Он развел руками, как бы призывая меня в свидетели:

— Mah… (Да, но…)

Это меня убедило.

Пришлось сдаться. Действительно, не очень удачная выдумка. Тогда maresciallo выдвинул контрпредложение.

— Хорошо, я буду сомневаться еще двадцать четыре часа.

— И за это время мы исчезнем?

Оставалось только бежать. Мы решили разделиться. Винтер направился в Кастелло. Джиль решила идти прямо на юг и пересечь линию фронта. Лизелотта собиралась укрыться в Сан-Плачидо. А для нас Фудзио нашел в непроходимом лесу хижину, «о которой никто не догадается». Он обещал прислать за нами на другой день в 5 утра телегу, чтобы увезти нас в строжайшей тайне. Когда деревня проснется — ни professore, ни синьоры уже не будет. Улетели!

Операция и в самом деле была проведена в строжайшей тайне. Было, вероятно, половина пятого, когда колеса телеги, проклятия возницы и щелканье его кнута заставили всех обитателей Усситы броситься к окнам. Pazienza![76] На дворе темно хоть глаз выколи. Нас не увидят. Когда мы украдкой на цыпочках выходили из дома, возница заревел:

— Эй, professo’! Где вы? Надо вывезти вас до рассвета, а то вас увидят.

Здесь и там захлопали открываемые ставни. Полуживые от страха, мы с адским грохотом проехали через всю деревню, провожаемые любопытными взглядами. Только в горах Лилла наконец облегченно вздохнула. Антонио, наш возница, тотчас же поставил указательный палец поперек усов и прошептал:

— Синьор Фудзио и его синьора ожидают вас.

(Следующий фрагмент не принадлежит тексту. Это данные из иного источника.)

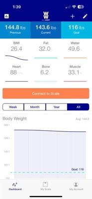 [This review was collected as part of a promotion.] This awesome Weight Watchers scale not only tracks your weight it will keep track of heartrate- bm- and more with the app. It can be set for up to 4 people and track all your totals and has a final weight loss goal you can keep up with. The app covers it all. Can also be used without app to keep your weight.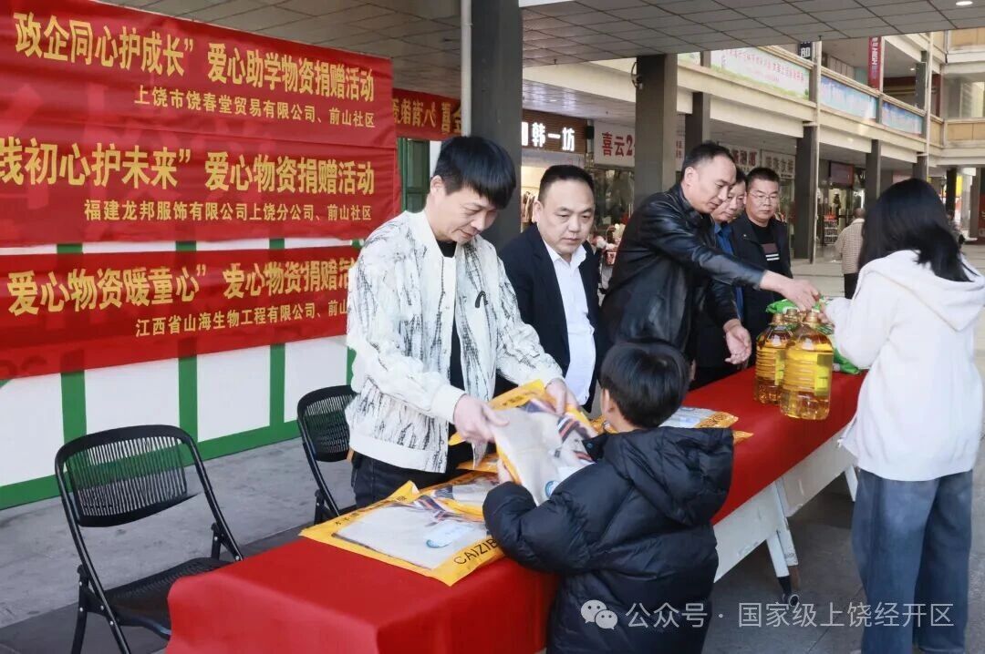 11月23日,前山社区携手江西省山海生物工程有限公司、上饶市饶春堂贸易有限公司、福建龙邦服饰有限公司上饶分公司,共同开展爱心物资捐赠活动,为辖区困难学生送上校服、大米、食用油等慰问品,传递社会各界关怀暖意。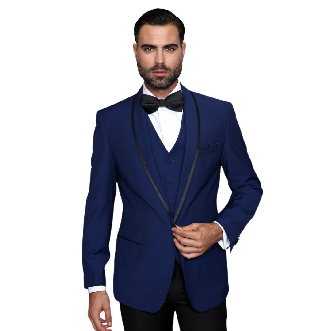 Turn heads in refined style with the Empire Elegance Collection Sapphire 3PC suit. Tailored to perfection in a Tailored Fit and made from 100% exquisite wool, this sapphire set includes a matching bow tie for a fully integrated, high-class look.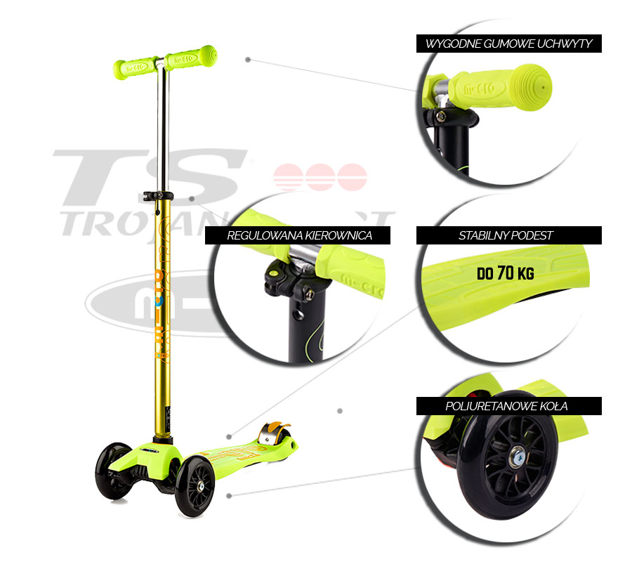 maxi micro deluxe hulajnog - это улучшенная версия бестселлера Maxi из известной швейцарской компании Micro. В светодиодной версии Deluxe он получил светящиеся передние колеса. Специальная, усиленная платформа теперь выдерживает до 70 кг. Так что это оптимальное решение для детей, слишком большого для мини -микро -микросхемы и тех, кто выращивает из Mini Micro и хочет скутеров «в течение многих лет». Maxi, как и Micro, доступна в широком спектре цветов. Идея поставить два колеса на передней части автомобиля и повесить платформу рядом с землей, делает Maxi Micro Deluxe чрезвычайно стабильным и безопасным для ребенка. Уникальный механизм скручивания помогает развить чувство баланса у детей и учит баланса тела. Основное отличие по сравнению с «классической» мини -микро -моделью - это регулируемый рулевой колесо.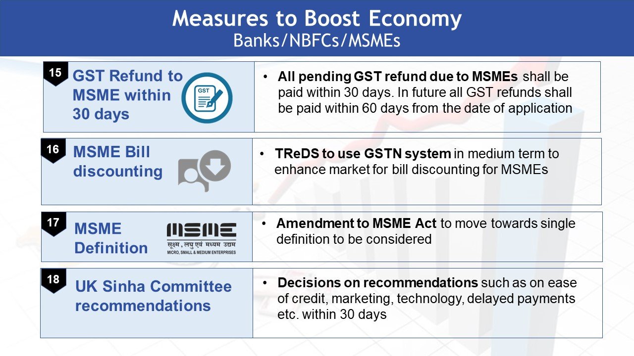 All pending GST refunds due to micro, small and medium enterprises (MSMEs) to be paid within 30 days, said the Finance Ministry. Future refunds will be paid in 60 days. This in an effort to ease liquidity and cash flow for small businesses.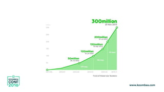 The document discusses the growth of a company from 0 to 100 million users, focusing on the challenges and solutions related to database architecture and scaling. It highlights the transition from Postgres to MySQL and NoSQL databases like Cassandra, along with utilizing Amazon RDS and AWS Lambda for auto-scaling and serverless computing. Additionally, it emphasizes the importance of infrastructure as code for deployment and management efficiency.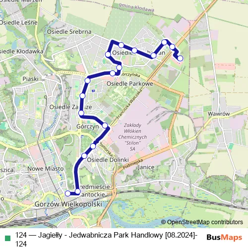 See why over 2 million users trust and consider busmaps.com as the best public transport website. busmaps gives you Gorzow Wielkopolski Buses suggested routes, real-time bus tracker, line route maps in Gorzow Wielkopolski, and helps to find the closest 124 bus stops near you. No internet available? Download an offline PDF map and bus schedule for the 124 bus to take on your trip.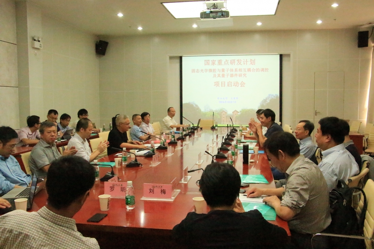 2016年10月6-7日,由yl23455永利集团王雪华教授主持、联合北京大学、中国科学技术大学、北京邮电大学共同承担的国家重点研发计划量子调控与量子信息重点专项“固态光学微腔与量子体系相互耦合的调控及其量子器件研究”项目启动会在广州yl23455永利集团召开。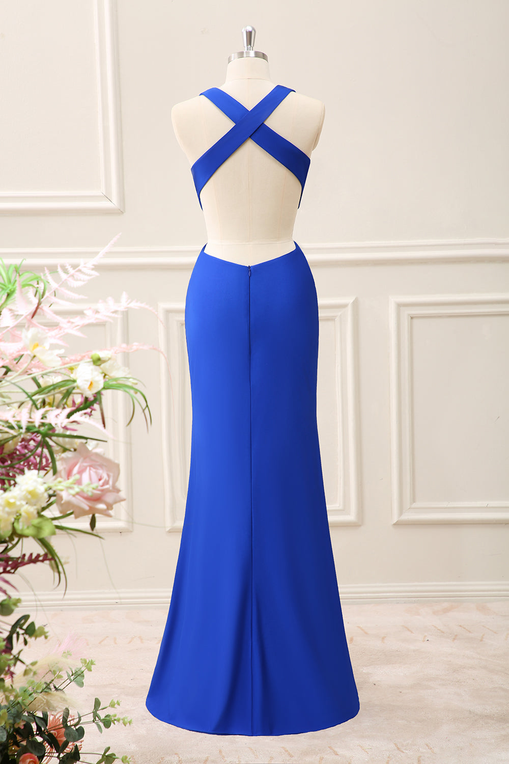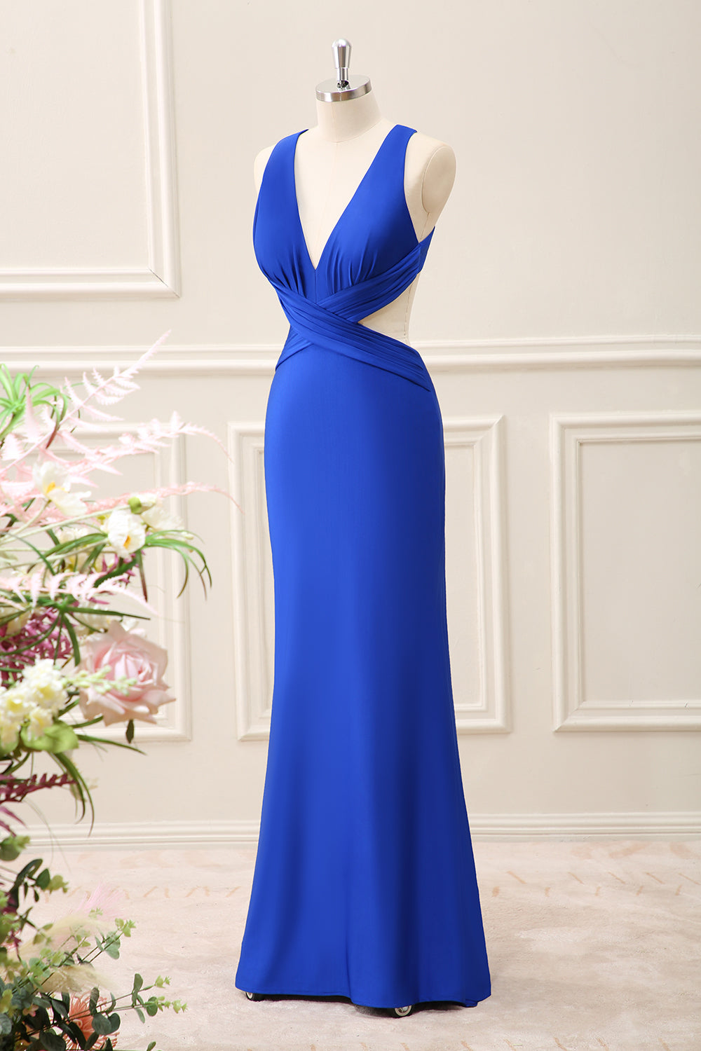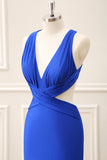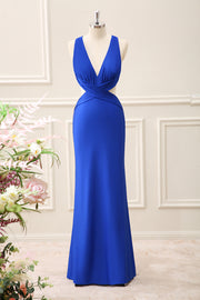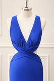Royal Blue Cut Out V Neck Maxi Dress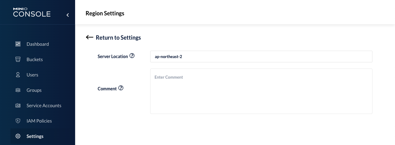 - Console 화면에서 Settings > Region을 선택 후 Server location 항목에 입력하고 저장 후에 MinIO를 재기동한다.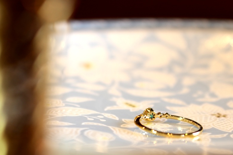 サイドストーンにはダイヤモンドが4ピース。きらきら光りせんたーすとーんを引き立てます。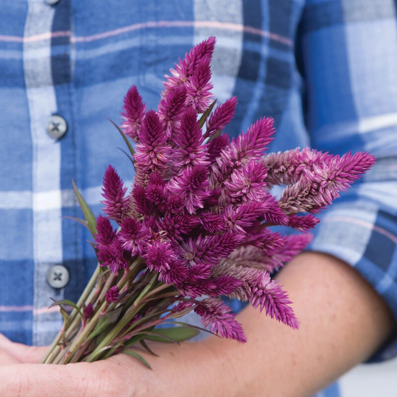 Dark rose, arrow-shaped plumes. 2–3″ textural flower spikes on full, branching plants can stand alone in a bouquet, be used as filler, or make a grand statement in the flower garden. A sweet and sturdy addition to boutonnières. Excellent vase life. Also known as wheat celosia, and red fox.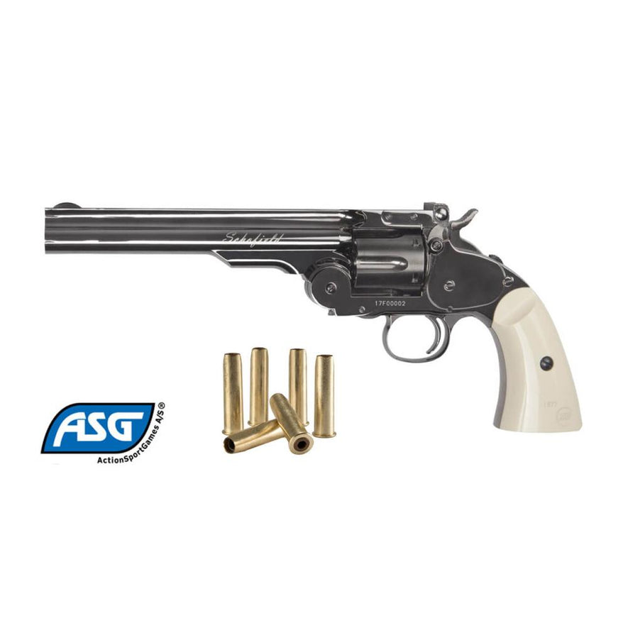Revolver Schofield inox brunito Cal.4.5 Pot.<7.5 Joule ASG bb steel Revolver robusto e invecchiato con guanciole in finto avorio. Assicurati un arma storica, lo Schofield a CO2 è una replica...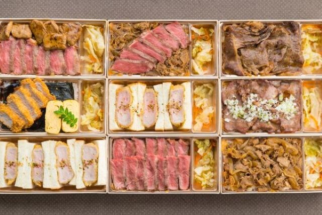 「勝福惣店」の看板メニューは、⽇本の伝統技法である昆布〆で熟成させたビフテキ重。ほかにもカツサンドなど、⾒た⽬も味も楽しめる商品がそろいます。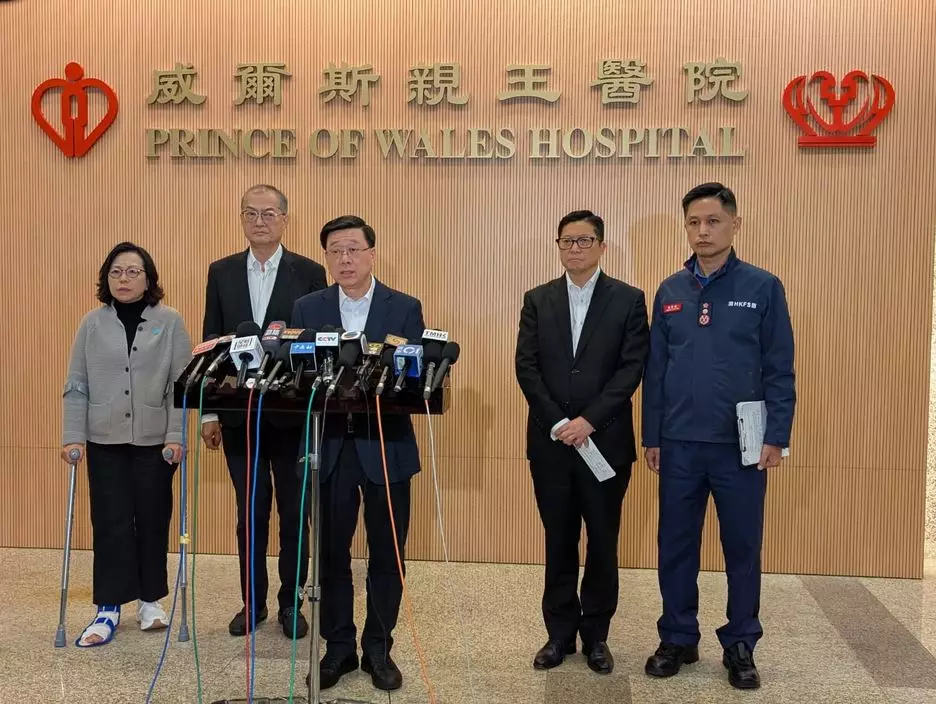 行政長官李家超27日凌晨偕多名局長到沙田威爾斯親王醫院探望傷者,之後會見記者,講述火災最新情況。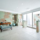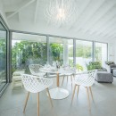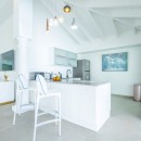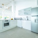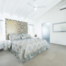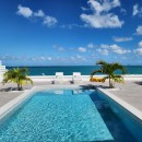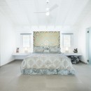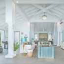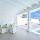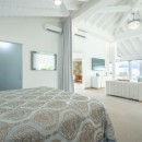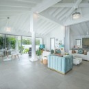 The interior living area is reminiscent of a winter wonderland with chic snow-white decor accented by a faux fireplace and flat-screen TV. Guests can enjoy indoor and outdoor dining at the villa. In fact, the outer walls of the villa are collapsible glass walls so guests can open the villa fully to enjoy the caressing Caribbean breeze and tropical aroma of the seaside air.

Они нас действительно ждали… и с ними еще человек двадцать гостей— участников заговора! Огромный накрытый стол, дымящиеся спагетти и яичница из доброй сотни яиц. Если мерить не по дороге, а напрямик, от Сорбо, куда нас привезли, до Усситы меньше пятисот метров. Возгласы заговорщиков, решивших спрятать professore и синьору, были слышны значительно дальше. Мария, Нерина и ее четыре двоюродных сестры хлопотали на кухне. Все присутствующие уверяли нас, что мы должны как следует подкрепиться, перед тем как скрыться в лесах. Один из неизвестных мне гостей спросил меня громовым голосом:

— Офицер?

В это время чинам итальянской армии было приказано явиться в свои части. Пока я раздумывал, что бы такое ему ответить, неизвестный приложил палец к губам и с понимающим видом сказал:

— Ясно! Интеллидженс сервис.

Спагетти стали у меня поперек горла. Неизвестный наклонился к своему соседу и сообщил ему на ухо о своем открытии; тот немедленно уставился на меня восхищенным взглядом. Лилла, передавая мне солонку, проговорила вполголоса:

— Это тебе от Мата Хари![77]

Солнце стояло уже высоко, когда мы выходили из дома; тут нас ожидал новый сюрприз. Вся деревня собралась на площади проводить нас. Снизу из Усситы слышались крики «ура». Мы пустились в путь вслед за Антонио, который подталкивал своего мула, нагруженного двумя большими мешками с соломой: это были матрацы для нас. Все было организовано самым тщательным образом. Фудзио и его друзья с охотничьими ружьями на плечах образовали грозный конвой. После получасового подъема мы еще могли видеть платки, которыми нам махали из обеих деревень. Может быть, и maresciallo карабинеров тоже стоял среди энтузиастов?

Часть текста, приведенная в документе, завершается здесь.